Problem details
In your copy, leave out the pictures; write out all the data exactly.

Data extract
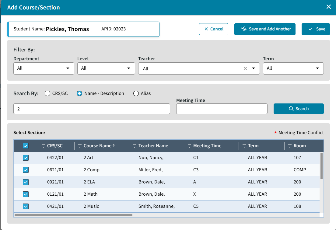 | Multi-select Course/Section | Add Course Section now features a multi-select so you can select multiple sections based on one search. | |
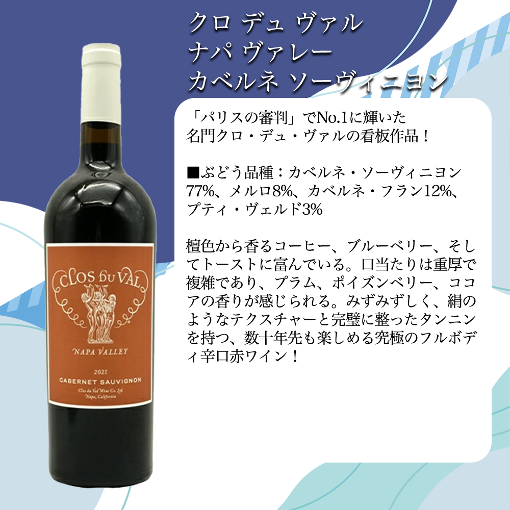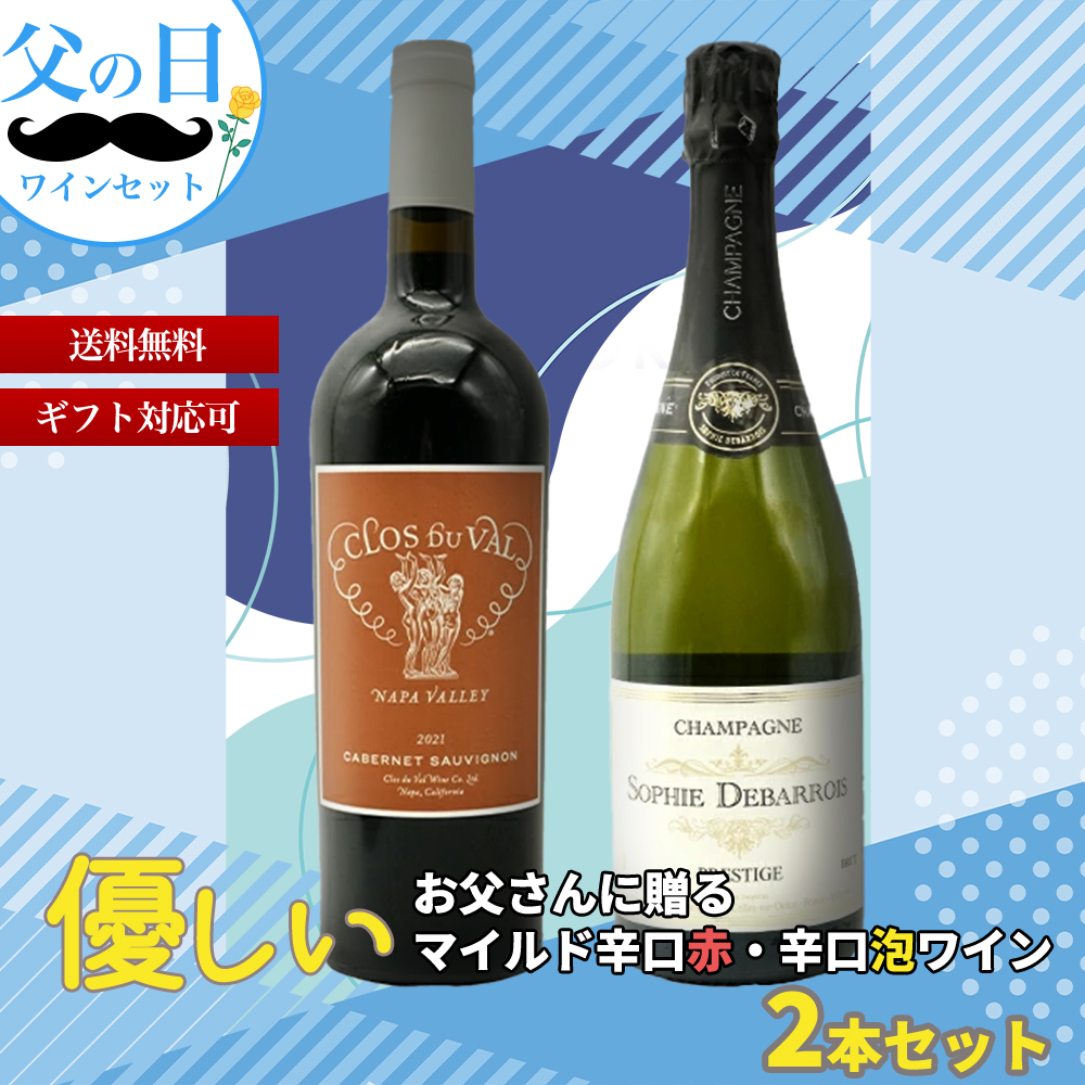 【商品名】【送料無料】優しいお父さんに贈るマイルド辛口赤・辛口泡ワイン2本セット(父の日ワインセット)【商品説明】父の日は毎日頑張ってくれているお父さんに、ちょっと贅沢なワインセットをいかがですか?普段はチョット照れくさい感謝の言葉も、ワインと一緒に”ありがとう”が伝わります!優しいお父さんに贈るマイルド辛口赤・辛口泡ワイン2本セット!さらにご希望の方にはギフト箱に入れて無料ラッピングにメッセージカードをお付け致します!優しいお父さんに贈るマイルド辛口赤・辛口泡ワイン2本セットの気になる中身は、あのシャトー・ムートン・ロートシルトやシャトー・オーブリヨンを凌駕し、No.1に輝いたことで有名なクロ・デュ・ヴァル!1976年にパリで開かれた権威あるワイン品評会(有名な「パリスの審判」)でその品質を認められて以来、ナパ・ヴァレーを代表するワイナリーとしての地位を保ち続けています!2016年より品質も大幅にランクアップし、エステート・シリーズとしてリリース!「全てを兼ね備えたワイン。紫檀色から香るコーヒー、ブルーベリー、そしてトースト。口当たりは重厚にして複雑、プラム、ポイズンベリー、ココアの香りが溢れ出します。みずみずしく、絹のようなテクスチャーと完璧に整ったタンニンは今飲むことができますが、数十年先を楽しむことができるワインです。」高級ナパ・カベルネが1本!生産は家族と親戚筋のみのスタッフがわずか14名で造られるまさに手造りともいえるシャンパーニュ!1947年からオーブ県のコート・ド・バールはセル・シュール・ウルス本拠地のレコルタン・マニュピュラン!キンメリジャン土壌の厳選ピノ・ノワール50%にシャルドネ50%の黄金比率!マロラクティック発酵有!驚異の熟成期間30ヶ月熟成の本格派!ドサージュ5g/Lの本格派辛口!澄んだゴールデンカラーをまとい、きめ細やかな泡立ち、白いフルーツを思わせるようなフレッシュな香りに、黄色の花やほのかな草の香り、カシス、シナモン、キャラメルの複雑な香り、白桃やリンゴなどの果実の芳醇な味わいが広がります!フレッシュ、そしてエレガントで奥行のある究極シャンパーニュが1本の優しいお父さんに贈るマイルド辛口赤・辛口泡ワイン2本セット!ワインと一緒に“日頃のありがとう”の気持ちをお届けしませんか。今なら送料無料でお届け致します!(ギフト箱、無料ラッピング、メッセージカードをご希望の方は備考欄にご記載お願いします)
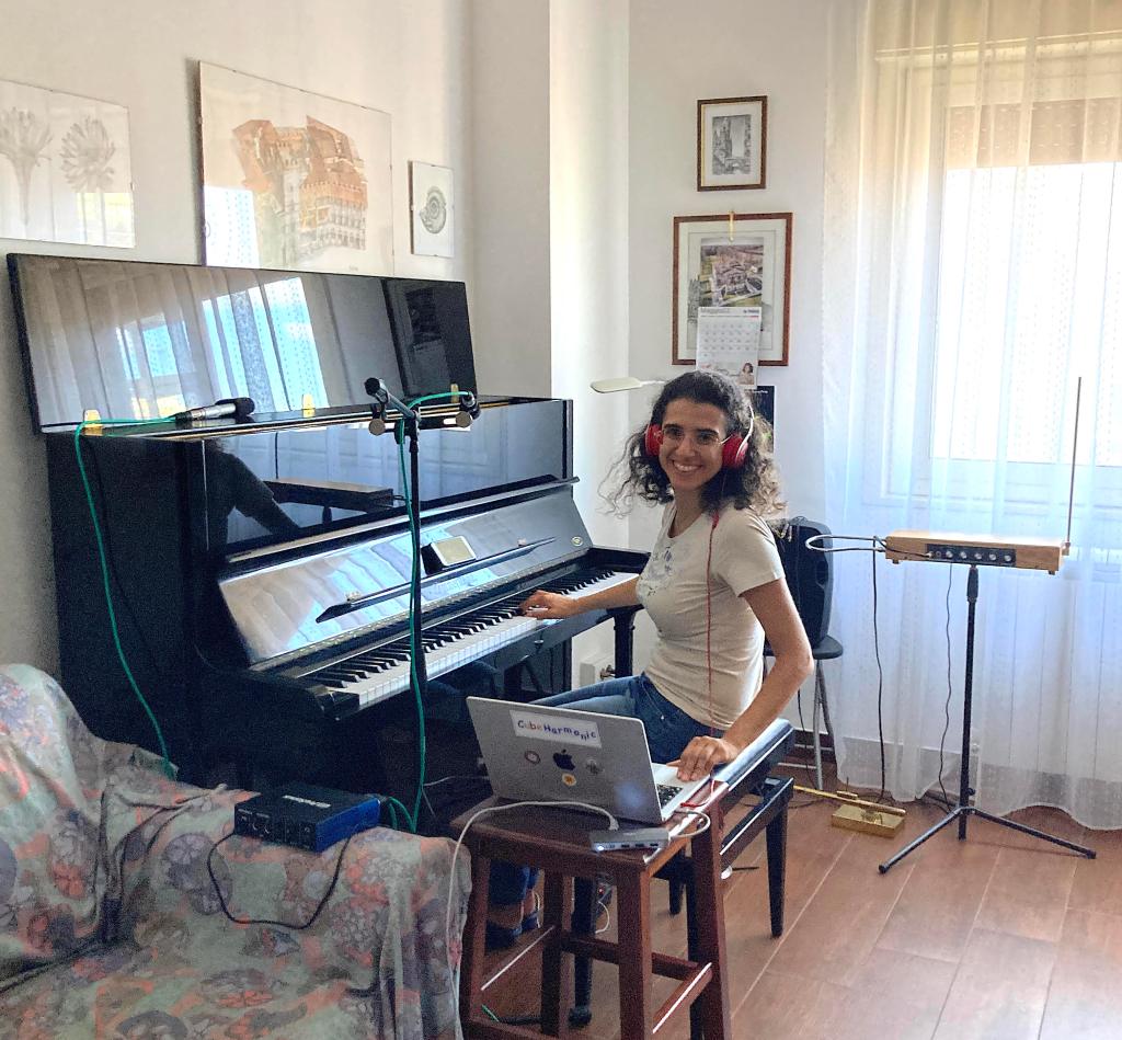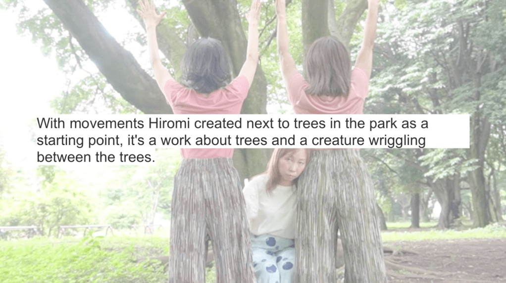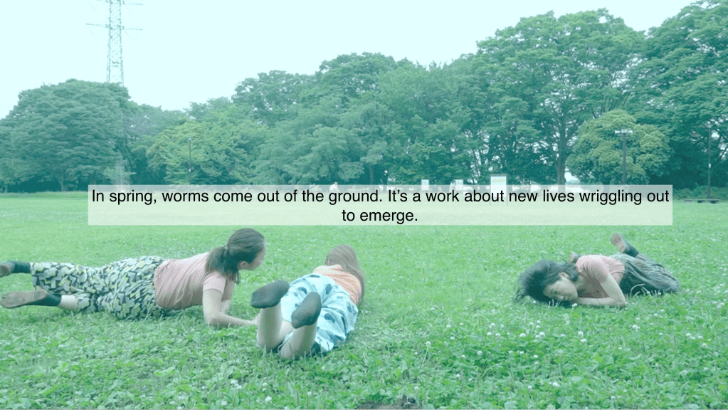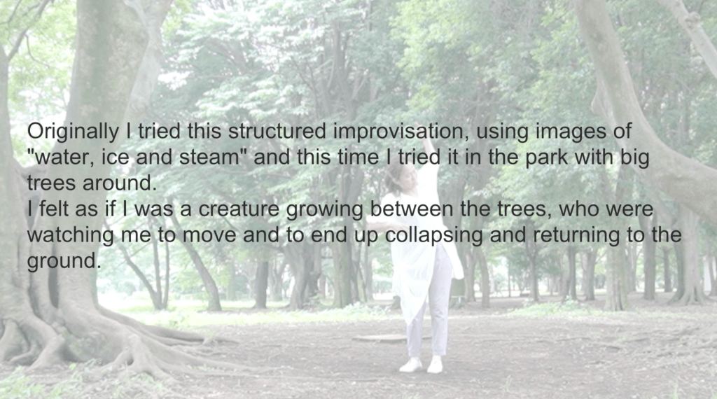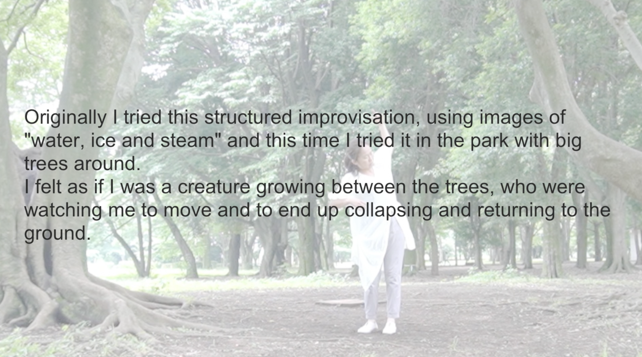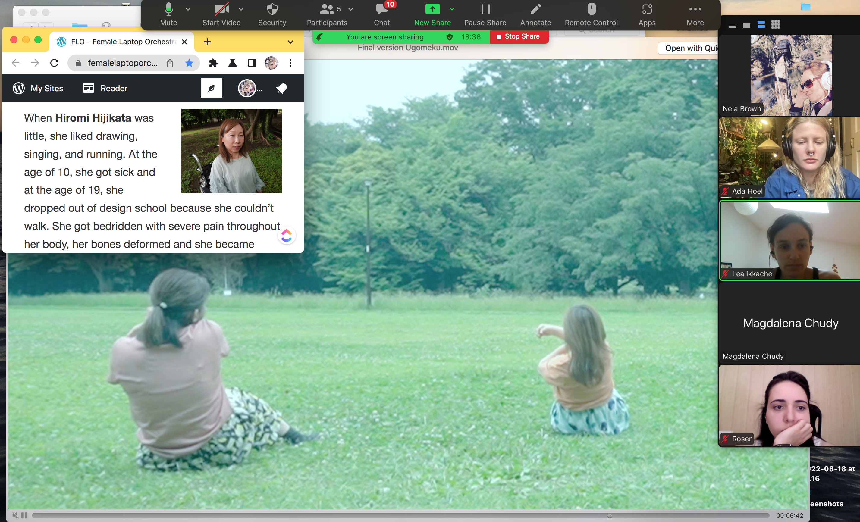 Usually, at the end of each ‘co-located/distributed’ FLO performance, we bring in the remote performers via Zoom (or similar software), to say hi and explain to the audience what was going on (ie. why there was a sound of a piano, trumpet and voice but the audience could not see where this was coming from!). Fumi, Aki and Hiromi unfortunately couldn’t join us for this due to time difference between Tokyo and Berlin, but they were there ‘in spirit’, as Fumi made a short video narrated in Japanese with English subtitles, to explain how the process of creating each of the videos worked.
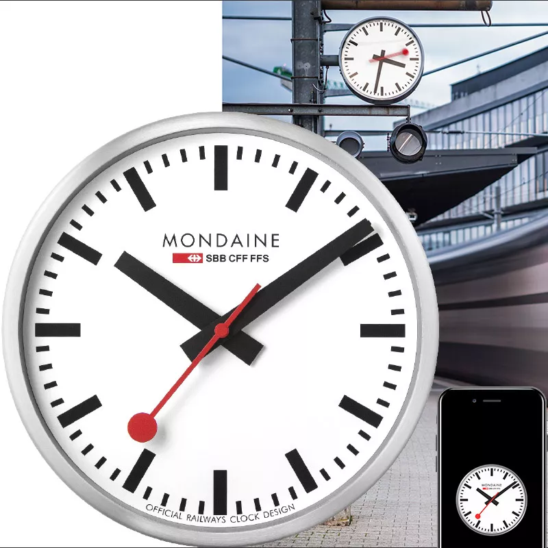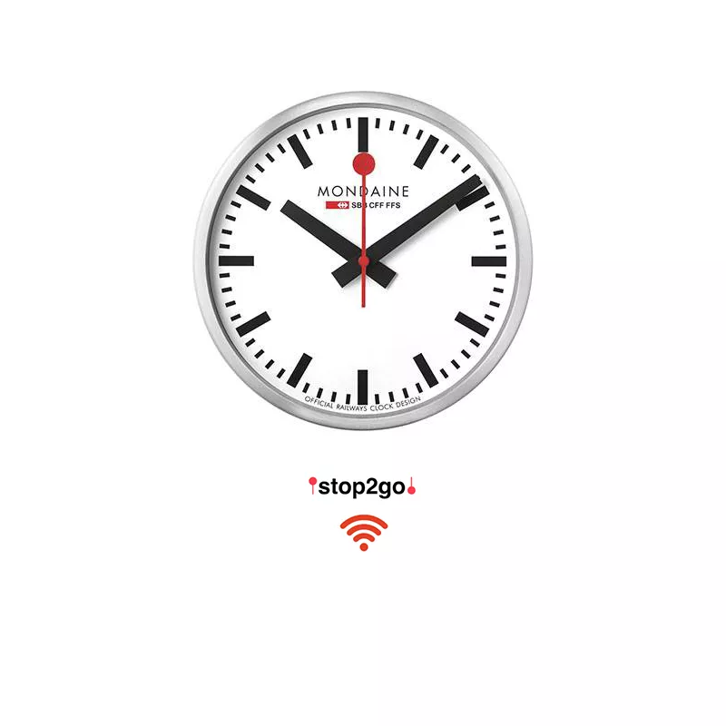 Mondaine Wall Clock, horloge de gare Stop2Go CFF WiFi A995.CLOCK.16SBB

Response below
 | Multi-select Course/Section | Add Course Section now features a multi-select so you can select multiple sections based on one search. | |
 【商品名】【送料無料】優しいお父さんに贈るマイルド辛口赤・辛口泡ワイン2本セット(父の日ワインセット)【商品説明】父の日は毎日頑張ってくれているお父さんに、ちょっと贅沢なワインセットをいかがですか?普段はチョット照れくさい感謝の言葉も、ワインと一緒に”ありがとう”が伝わります!優しいお父さんに贈るマイルド辛口赤・辛口泡ワイン2本セット!さらにご希望の方にはギフト箱に入れて無料ラッピングにメッセージカードをお付け致します!優しいお父さんに贈るマイルド辛口赤・辛口泡ワイン2本セットの気になる中身は、あのシャトー・ムートン・ロートシルトやシャトー・オーブリヨンを凌駕し、No.1に輝いたことで有名なクロ・デュ・ヴァル!1976年にパリで開かれた権威あるワイン品評会(有名な「パリスの審判」)でその品質を認められて以来、ナパ・ヴァレーを代表するワイナリーとしての地位を保ち続けています!2016年より品質も大幅にランクアップし、エステート・シリーズとしてリリース!「全てを兼ね備えたワイン。紫檀色から香るコーヒー、ブルーベリー、そしてトースト。口当たりは重厚にして複雑、プラム、ポイズンベリー、ココアの香りが溢れ出します。みずみずしく、絹のようなテクスチャーと完璧に整ったタンニンは今飲むことができますが、数十年先を楽しむことができるワインです。」高級ナパ・カベルネが1本!生産は家族と親戚筋のみのスタッフがわずか14名で造られるまさに手造りともいえるシャンパーニュ!1947年からオーブ県のコート・ド・バールはセル・シュール・ウルス本拠地のレコルタン・マニュピュラン!キンメリジャン土壌の厳選ピノ・ノワール50%にシャルドネ50%の黄金比率!マロラクティック発酵有!驚異の熟成期間30ヶ月熟成の本格派!ドサージュ5g/Lの本格派辛口!澄んだゴールデンカラーをまとい、きめ細やかな泡立ち、白いフルーツを思わせるようなフレッシュな香りに、黄色の花やほのかな草の香り、カシス、シナモン、キャラメルの複雑な香り、白桃やリンゴなどの果実の芳醇な味わいが広がります!フレッシュ、そしてエレガントで奥行のある究極シャンパーニュが1本の優しいお父さんに贈るマイルド辛口赤・辛口泡ワイン2本セット!ワインと一緒に“日頃のありがとう”の気持ちをお届けしませんか。今なら送料無料でお届け致します!(ギフト箱、無料ラッピング、メッセージカードをご希望の方は備考欄にご記載お願いします)
 Usually, at the end of each ‘co-located/distributed’ FLO performance, we bring in the remote performers via Zoom (or similar software), to say hi and explain to the audience what was going on (ie. why there was a sound of a piano, trumpet and voice but the audience could not see where this was coming from!). Fumi, Aki and Hiromi unfortunately couldn’t join us for this due to time difference between Tokyo and Berlin, but they were there ‘in spirit’, as Fumi made a short video narrated in Japanese with English subtitles, to explain how the process of creating each of the videos worked.
 Mondaine Wall Clock, horloge de gare Stop2Go CFF WiFi A995.CLOCK.16SBB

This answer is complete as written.